I met and chatted w/ a Branding Expert. He has worked for some pretty well known customers. Names you would recognize. He got me thinking about some stuff.

I have 600 colonies and package and distribute 30,000 lbs of honey across Northern NY from the St. Lawrence Seaway to the other side of The Northway (Rt. 87) overlooking Lake Champlain. Just to give you a rough idea about my area and what I do. I migrate south for the winter and pollinate apples in NY in the spring. have done so for the last 20 years.

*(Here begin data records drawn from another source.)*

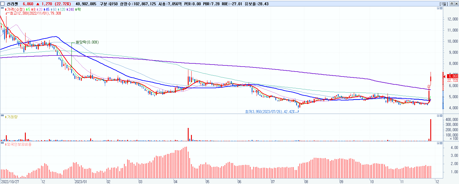 - 신라젠 (6,860원 ▲ 22.72% , 시총: 7,057억, 거래량: 40,947,045, 거래대금:2,786억)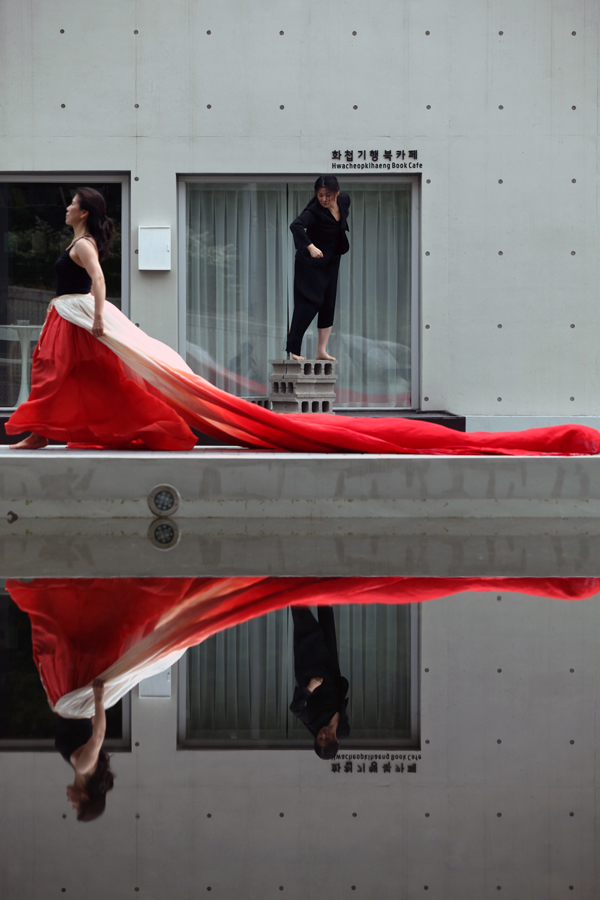 탁 트인 넓은 잔디밭 위의 남녀 군무는 무용수들의 몸 선이 확연하게 드러났다. 안무는 무용이 몸을 매개로 하는 예술 장르임을 용감하게 강조했다. 유리 통문과 초가집 사이에 만들어진 작은 수로 안, 물을 튀기며 이루어지는 군무는 마치 여신들의 코러스 같았다.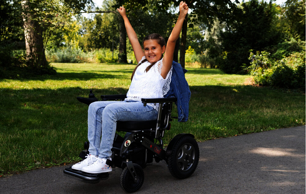 Der FreedomChair A11 ist der erste faltbare Elektro-Rollstuhl, der mitwächst. Mit seiner kleinen Größe und maximaler Leistung ist er besonders flexibel und anpassbar. Er kann mit Kindern und Jugendlichen quasi mitwachsen und lässt sich per App vom Handy aus steuern. Neben Komfort bietet er auch ein wenig Spaß. Der A11 kann in nur einer Sekunde gefaltet und leicht verstaut werden. Armlehnen, Rückenlehne und Fußbrett können individuell angepasst werden. Die Armlehnen sind in Höhe, Länge und Breite verstellbar. Optional kann die Sitzhöhe elektrisch um 5 cm angepasst werden. Das smarte Fahrpult des A11 verfügt über Sprachsteuerung, LED-Beleuchtung und einen USB-Anschluss. Mit einem Gewicht von 26 kg und einer Reichweite von 15 bis 30 km, je nach Batterien, ist er sowohl für den Innen- als auch den Außenbereich geeignet.
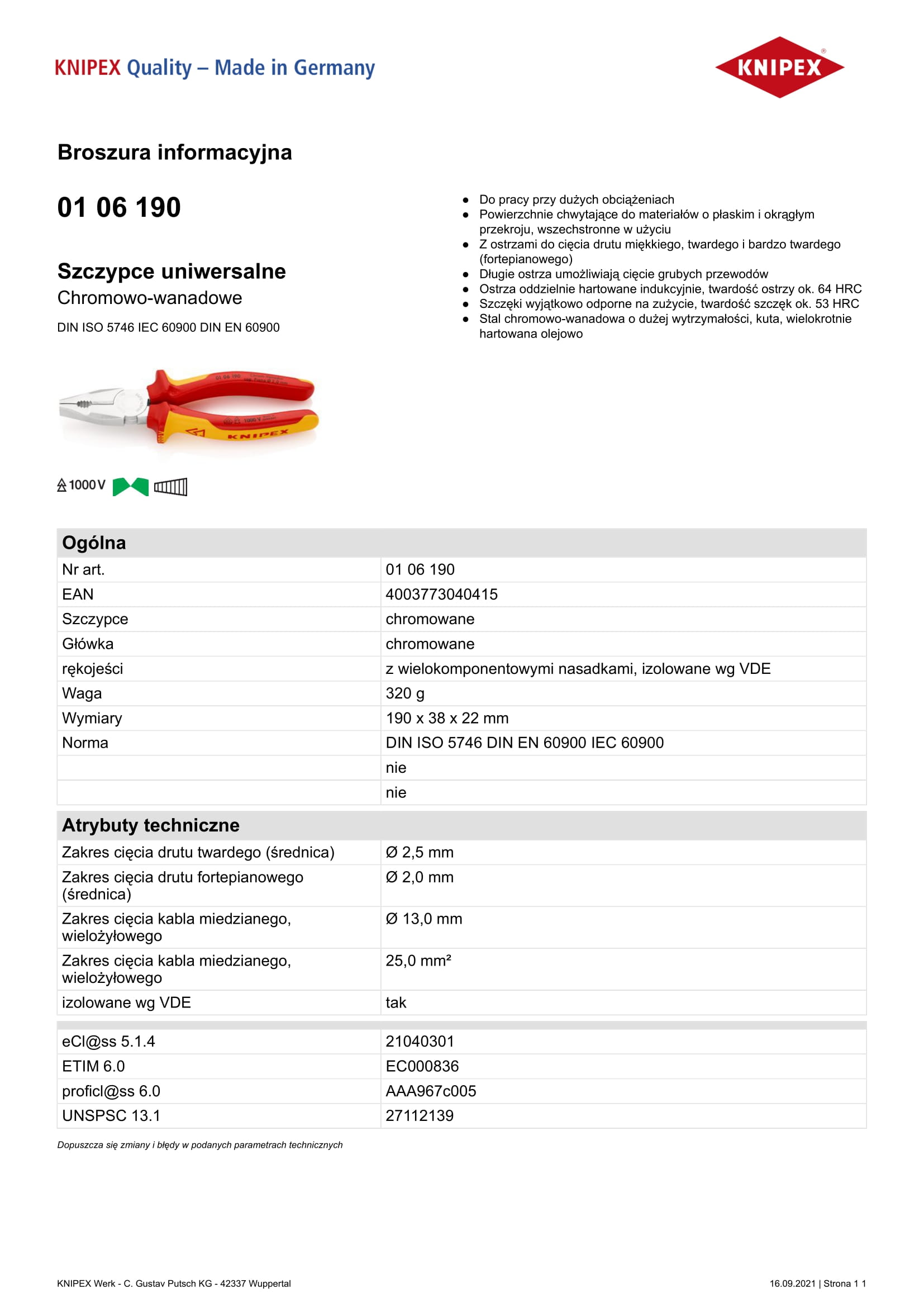 Zakres cięcia kabla miedzianego, wielożyłowego: 16,0 mm2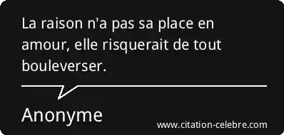 La raison n'a pas sa place en amour, elle risquerait de tout bouleverser.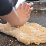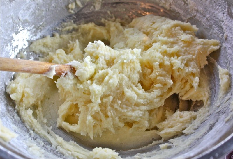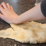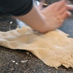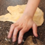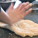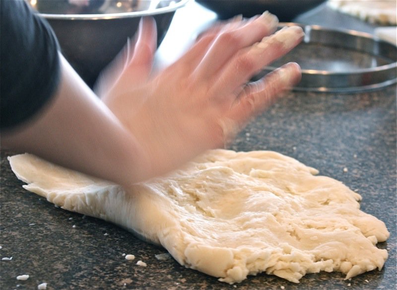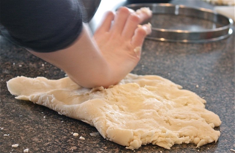 Above, Béné uses the age old method of mixing the Pâte Brisée with her finger as generations of French woman have done before her as she combines all ingredients: once it forms a soft ball, engage in the “fraiser” (countersinking) method demonstrated in the photos, below 3 or 4 times, until the dough is homogenous (with attention not to overwork it).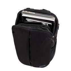 2 κεντρικές θήκες. Η μία με ευρύ άνοιγμα (quick access) και δυνατότητα μεταφοράς laptop έως 15,6″.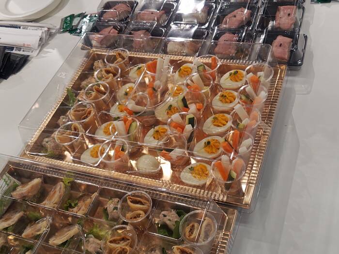 前菜、メイン、デザートまで自家製にこだわる「Chinese Deli 李」では、柔らかく仕上げた自家製ローストビーフ、春巻きや海老にら餃子、季節のフルーツ2色ゼリーが人気です。手作りのお料理をフィンガーフードにて、食用花やキャビアなどを添えて、【おもてなし】に最適なお料理に仕上げました。洋食と中華のマリアージュをお楽しみください。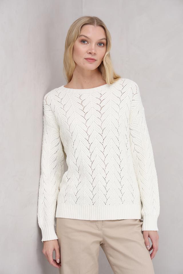 Женский пуловер Broadway молочного цвета выполнен из мягкого трикотажа с ажурным узором. Модель имеет округлый вырез горловины и длинные рукава, идеально подходит для создания уютных и стильных образов. Состав: хлопок 60%, акрил 40%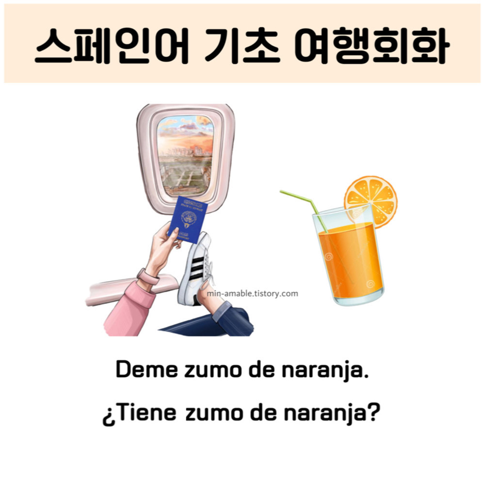 Deme zumo de naranja. - 오렌지 주스 주세요. / ¿Tiene zumo de naranja? - 오렌지 쥬스 있나요?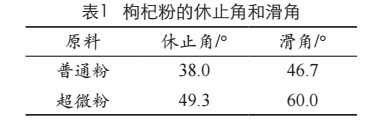 枸杞粉所具有的流動性大小與粉體的休止角和滑角有密切關系,粉體的休止角和滑角變大時,其流動性變差。枸杞普通粉和超微粉粉體的休止角和滑角見表1。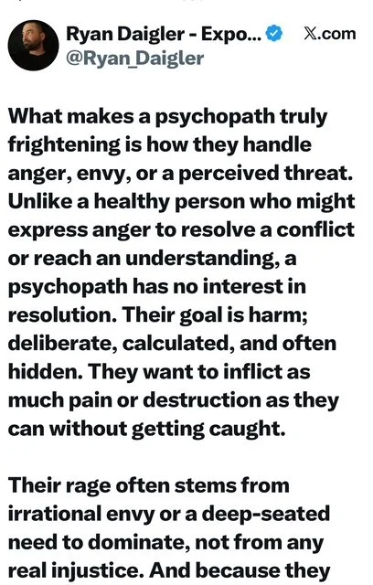 ‘What makes a psychopath truly frightening is how they handle anger, envy, or a perceived threat….Their goals is harm; deliberate, calculated, and often hidden. They want to inflict as much pain or destruction as they can without getting caught.’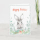 Un mignon lapin d'aquarelle entouré de fleurs et de plantes. Personnalisez facilement l'intérieur de la carte en quelques clics seulement.
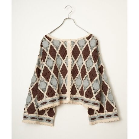 [型番:26921086]クロシェ風のモチーフレースを使用した、表情豊かな2WAYトップス。前後どちらでも着用でき、カーディガンとしてもプルオーバーとしても楽しめます。全体を華やかに彩り、コーディネートに新鮮さとあたたかみをプラスするアイテム。【素材】綿混ニット。モチーフレース編み。【デザイン】羽織りとプルオーバーの前後2WAY。【ポイント】前開きボタン付きで羽織りでも着られるデザインに進化しました。無地バージョンも新登場です。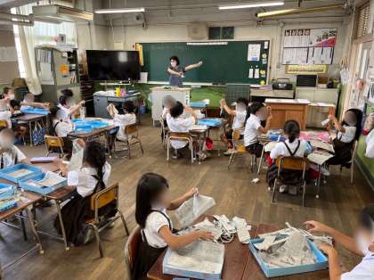 1年生は、図工の学習で新聞紙をちぎりました。はさみのように真っ直ぐ切れないけど、手でちぎるとおもしろい形になることに気づきました。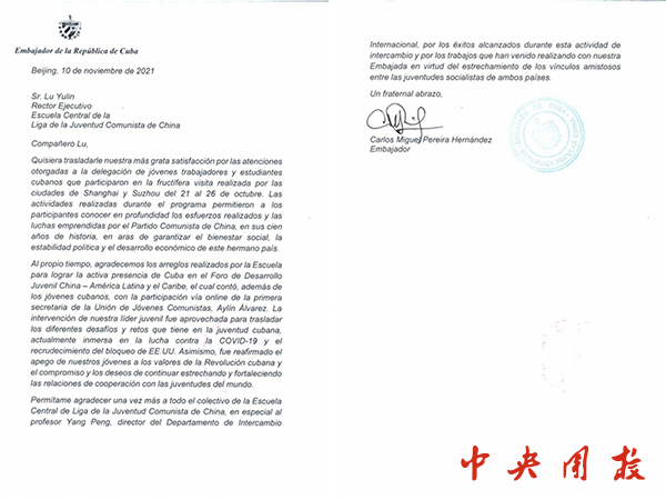 古巴驻华特命全权大使在信中对我校组织古巴驻华青年外交官与在华留学生于10月21日至26日参加“未来之桥”拉美青年领导人培训交流活动表示感谢。他表示,该项目中开展的活动使得古巴青年工作者和学生深刻了解到百年来中国共产党为保障社会民生、政治稳定和国家经济发展所做出的努力与斗争。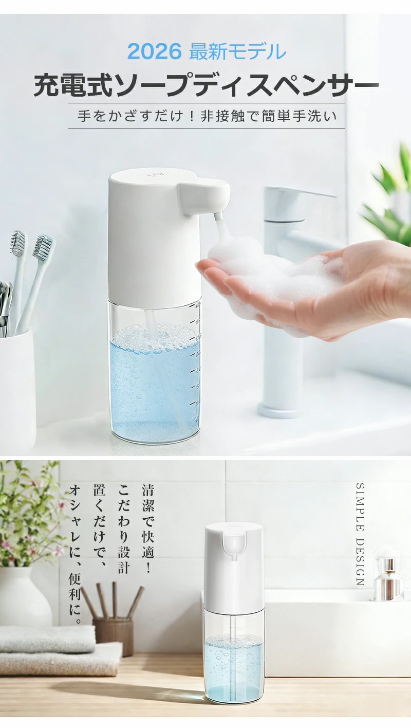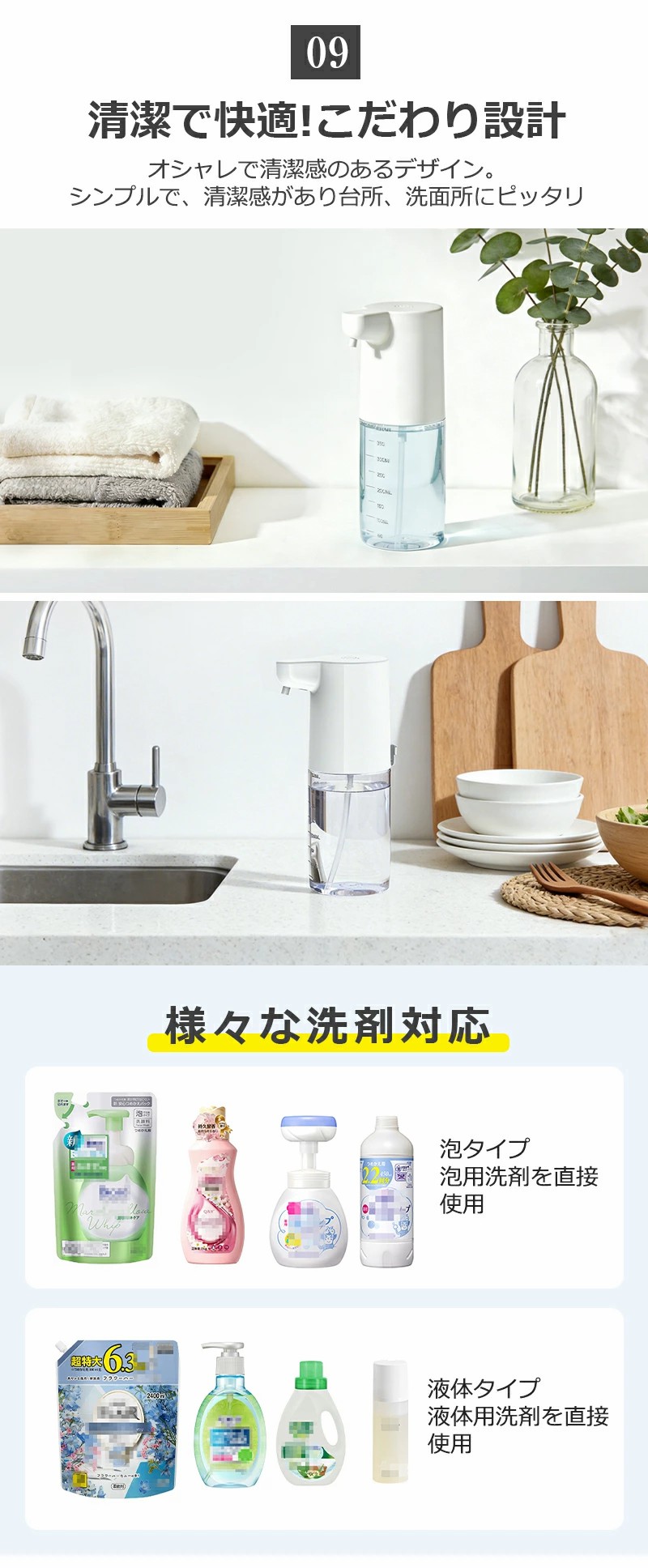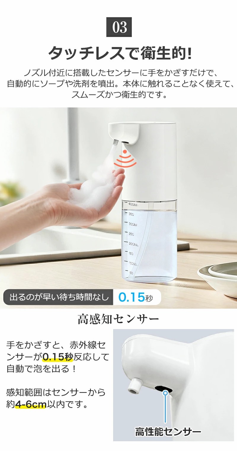 手をかざすだけで自動吐出。泡・液体両対応で、キッチンや洗面所でも清潔に使用できます。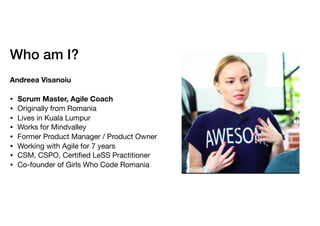 The document discusses agile values and principles, highlighting Andreea Visanoiu's background and her role in promoting agile methodologies, particularly the Cynefin framework, which categorizes leadership challenges into five contexts. It contrasts agile and waterfall approaches to software development, emphasizing the advantages of agility such as continuous customer feedback and flexibility, while also acknowledging the potential pitfalls associated with a lack of understanding of agile practices. Additionally, the document covers the importance of continuous improvement and team empowerment within agile frameworks, showcasing methodologies such as kanban and iterative development.

So, am I just dabbling at business? Is my "business" just a hobby on steroids? My business w/ the hard to say and harder to understand name? Try saying "Hello, this is Mark from Squeak Creek Apiaries. Do you need any honey this week?" and see how many times you get a "Huh?" in response.

So, you beekeepers who are running lots of colonies, are you beekeeping business persons or business persons who keep bees? What kind of business background do you have? Do you know who your competition is and do things differently because of that knowledge? Do you want to be on the NY Stock Exchange?


----------



## rainesridgefarm (Sep 4, 2001)

I started with two hives to control my allergies. I now have 300 and need to grow to 800 to supply the demand I have created. I was a sales manager for 20 years but left the corporate world when the stress became to much. Good Business Acumen is very important in running a commercial beekeeping operation. I started with a 3 year plan and a 5 year plan that is very fluid because problems come up and you have to change it but the focus is still there on what you need to do. I market myself every chance I get. I have donated hives and observation hives to tv stations, Museums, Nature Centers, County Fairs and every time I call the Local paper to do a artical on it. Every time someone sees my name it is a marketing opportunity for raines honey farm. I talk to every organization that wants a speaker and the demand for me to talk is so great I get booked up every year. I have to turn people away to get my beekeeping done. 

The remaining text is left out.